Picked up a Saltist 6500 and a Trevala rod while freezing my butt off


----------



## bigspoon17 (May 31, 2011)

cody&ryand said:


> mind saying what you had to give for the tiagra?


$550


----------



## WhyMe (Apr 21, 2013)

Ok...I just left from the sale. A lot of items still there for sale. I was looking for two items at this sale ( 10 ft. bamboo gaff and a fighting harness) both items were a no go. No bamboo gaff at all and they had fighting harnesses on the inside, but not marked down enough to make a difference. I left the big tent event with all my money still in my bank. It was very hard to leave empty handed, but I had no choice.
Whyme
Mako My Dayo


----------



## tkh329 (Mar 14, 2012)

Just left with circle hooks for the year, a new tackle bag, and some odds and end. Ouch


Sent from my iPhone using Tapatalk


----------



## Seaquility (Nov 13, 2007)

Hooks, line, swivels, weights, net, sabikis, and the bucket. Smaller budget, so mainly a terminal tackle trip this year. Thanks to Outcast for continuing this event. Not too crowded at 7 am today.


----------



## NOsaints (Aug 8, 2011)

Anymore used stuff being put out tommorow morning?


----------



## goheel (Feb 3, 2011)

Got me a bunch of mirrolures and owner hooks. Is it me or it seems like the selection is pretty slim this year?


----------



## youngbloodr2 (Aug 17, 2012)

If people complain they might stop doing it for us. I'm sure it's not easy putting that together


----------



## outcast (Oct 8, 2007)

*Spring Sale*

We did have a few hundred cartons of goods that did not make it in due to the snow and ice up north. It was totally beyond my control. I am trying to pull more out of the inside and replenish the best I can. I really appreciate all your support. I just put out a bunch more Shimano reels and a pile of hooks. Still pulling inventory. As far as the bamboo gaffs I never had bamboo gaffs but we do have bamboo gig poles and I will give you an outside price on it and the harness you wanted. If you are looking for a particular item and we have it inside but we don't have it outside just let me know and I will try to make it work for both of us.


----------



## MrFish (Aug 21, 2009)

Well dang. I thought the prices were the same inside and out. I bought my rods inside. Guess ya live and learn.


----------



## Downtime2 (Sep 27, 2007)

Lots of inventory didn't make it due to weather. Doing pretty good all things considered.


----------



## goheel (Feb 3, 2011)

Sucks to hear that a lot of inventory didn't make it. I guess you guys can save those for the fall sale. I'm not bashing this spring's sale, just noticing there are not as much stuff as usual. The food is still awesome though. Also, couldn't seem to find the outcast inshore guide rods. Are they inside? They're usually outside at past sales.


----------



## Downtime2 (Sep 27, 2007)

The inshore guide rods are in stock but not under the tent. However, we will bring them out of stock for 89.95. Just come get me. Ask for Wade. We can make this happen. Normally 129.00-139.00.


----------



## RMS (Dec 9, 2008)

I've been going to the sale for ten years, and I thought this year the deals were as good as I've ever seen, if you were willing to be a little open minded about selection. For example, I am normally a Shimano spinning reel guy, but I found a couple of Mid to upper end Daiwas under the tent that were a more reel for the same money I would have gotten with the Shimanos. So I went with them instead.
I think if you are expecting a bargain you should be willing to be flexible as well.

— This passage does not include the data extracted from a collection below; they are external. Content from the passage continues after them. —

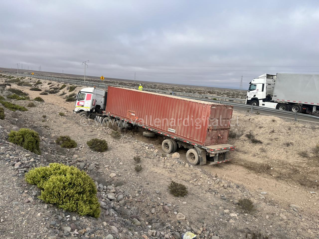Tractocamión quien transportaba explosivos termino en un bandejon central de la ruta 5 norte
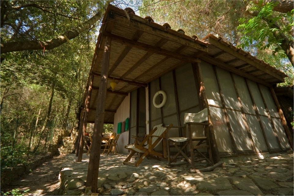 It had been a shelter for tuna nets, abandoned and collapsed, set on a terraced slope facing the sea. “And I did not touch this substantial human intervention.” Instead, he inserted himself into one of those terraces and, by clearing brambles and embedding within Mediterranean scrub, allowed the structure to grow gradually, without adding to or subtracting from the place: stones gathered from the sea or nearby, and a tiny initial living unit, almost like a caravan. “I bought furnishings from factories supplying caravan and camper manufacturers: minimal, foldable equipment.” Parents would sleep in the living area – where the table lowers to become a bed along with two benches – while a mezzanine was created for the daughters.
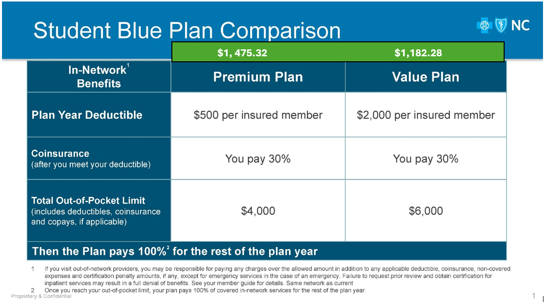 Cost per semester for Blue Cross Blue Shield Value plan is $1,226.80 (undergraduate) or $1,396.54 (graduate) and the optional Premium plan is billed at $1,583.50 (undergraduate) or $1,802.92 (graduate); coverage is continuous during holidays and summer breaks, or
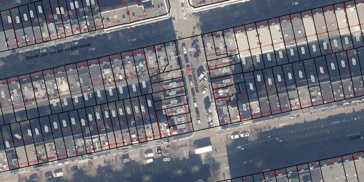 Het perceel waarop Dusartstraat 8-1 staat heeft een oppervlakte van 90 m². Dit is een klein perceel. De perceeloppervlakte wordt geregistreerd door het Kadaster. Gedetailleerde informatie over de maten van dit perceel kunt u vinden in het rapport Kadastrale kaart met maatvoering van Dusartstraat 8-1.

I also spent a good bit of time searching through the gazillion rods outside and found smoking hot pricing on a Terez, Tallus and Star Paraflex.

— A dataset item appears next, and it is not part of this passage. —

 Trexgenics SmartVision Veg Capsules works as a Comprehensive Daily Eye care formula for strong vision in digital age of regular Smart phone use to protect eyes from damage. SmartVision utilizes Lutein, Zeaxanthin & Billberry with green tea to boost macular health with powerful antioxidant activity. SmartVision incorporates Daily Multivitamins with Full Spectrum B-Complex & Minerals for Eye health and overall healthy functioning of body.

At the other end of the a scale they had 99 cent sabiki rigs for the first time in several years. 

They also had an extra large supply of the Dexter Russell filet knives this time at the usual killer pricing.

One of the best deals at the sale are the Outcast Custom jigging rods at $79. They are very well made and a great alternative to the Trevallas, which I will no longer buy since Shimano will no longer warranty them for breaking, which happens all too often. I bought one last year and am very pleased with it.

On top of all this, There is great food being served for lunch each day at no charge, and that is a tremendous effort of time and money on Outcast's behalf!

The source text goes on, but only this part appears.